What is needed is a word-for-word copy of the lines below from the one with "Két traktor áll" through the one with "ISTORIA LUCRATORILOR LA", both included, with every picture left out.

───── INFORMATION SUPPLIED ─────

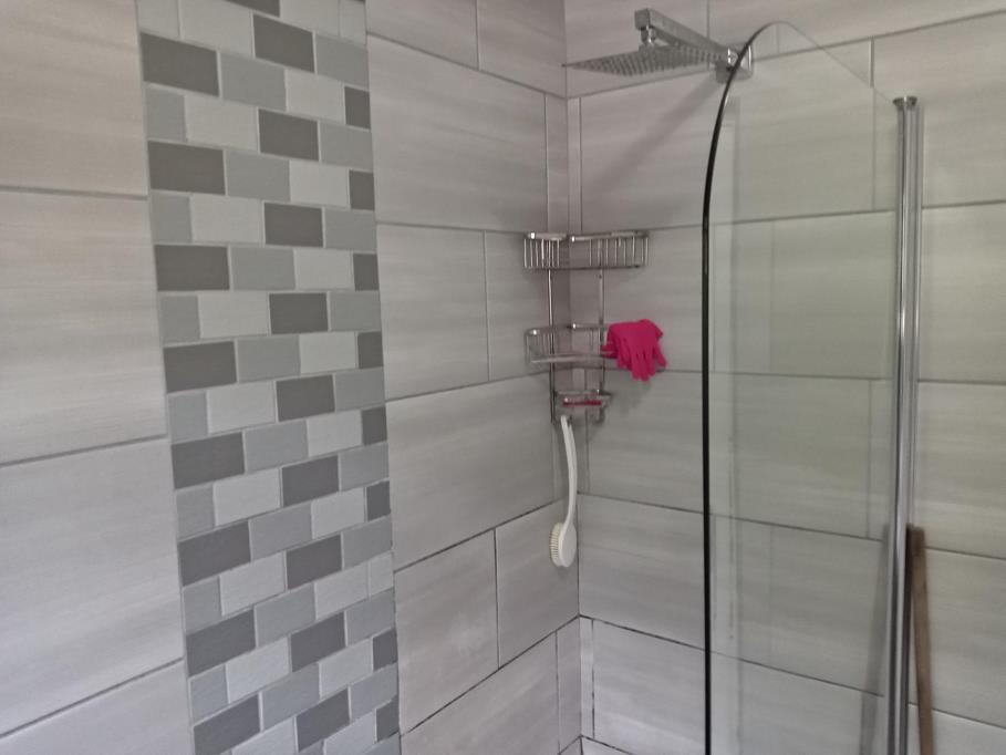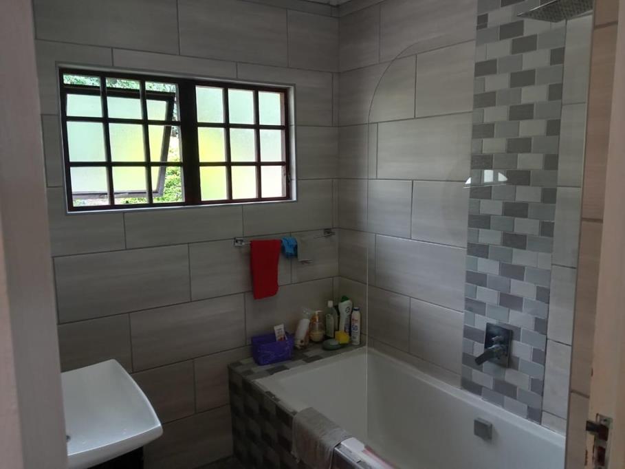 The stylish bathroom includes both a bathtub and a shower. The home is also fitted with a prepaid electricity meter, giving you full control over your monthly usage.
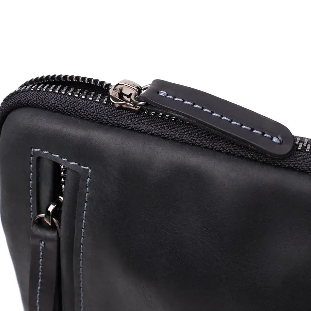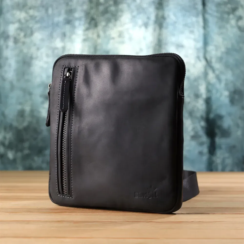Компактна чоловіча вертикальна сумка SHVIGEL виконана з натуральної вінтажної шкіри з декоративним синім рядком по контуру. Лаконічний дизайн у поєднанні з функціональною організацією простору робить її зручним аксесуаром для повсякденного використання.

─────
───── INFORMATION SUPPLIED ─────

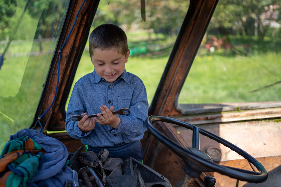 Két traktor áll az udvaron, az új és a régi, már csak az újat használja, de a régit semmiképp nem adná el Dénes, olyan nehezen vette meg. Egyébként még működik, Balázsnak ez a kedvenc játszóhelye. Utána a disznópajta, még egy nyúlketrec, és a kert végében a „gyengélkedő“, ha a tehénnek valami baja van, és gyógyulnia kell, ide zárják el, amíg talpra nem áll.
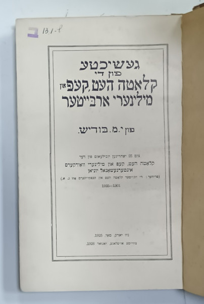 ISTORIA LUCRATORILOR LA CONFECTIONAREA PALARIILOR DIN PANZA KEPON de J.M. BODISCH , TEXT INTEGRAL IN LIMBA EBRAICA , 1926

─────

ANSWER SECTION:
 Két traktor áll az udvaron, az új és a régi, már csak az újat használja, de a régit semmiképp nem adná el Dénes, olyan nehezen vette meg. Egyébként még működik, Balázsnak ez a kedvenc játszóhelye. Utána a disznópajta, még egy nyúlketrec, és a kert végében a „gyengélkedő“, ha a tehénnek valami baja van, és gyógyulnia kell, ide zárják el, amíg talpra nem áll.
 ISTORIA LUCRATORILOR LA CONFECTIONAREA PALARIILOR DIN PANZA KEPON de J.M. BODISCH , TEXT INTEGRAL IN LIMBA EBRAICA , 1926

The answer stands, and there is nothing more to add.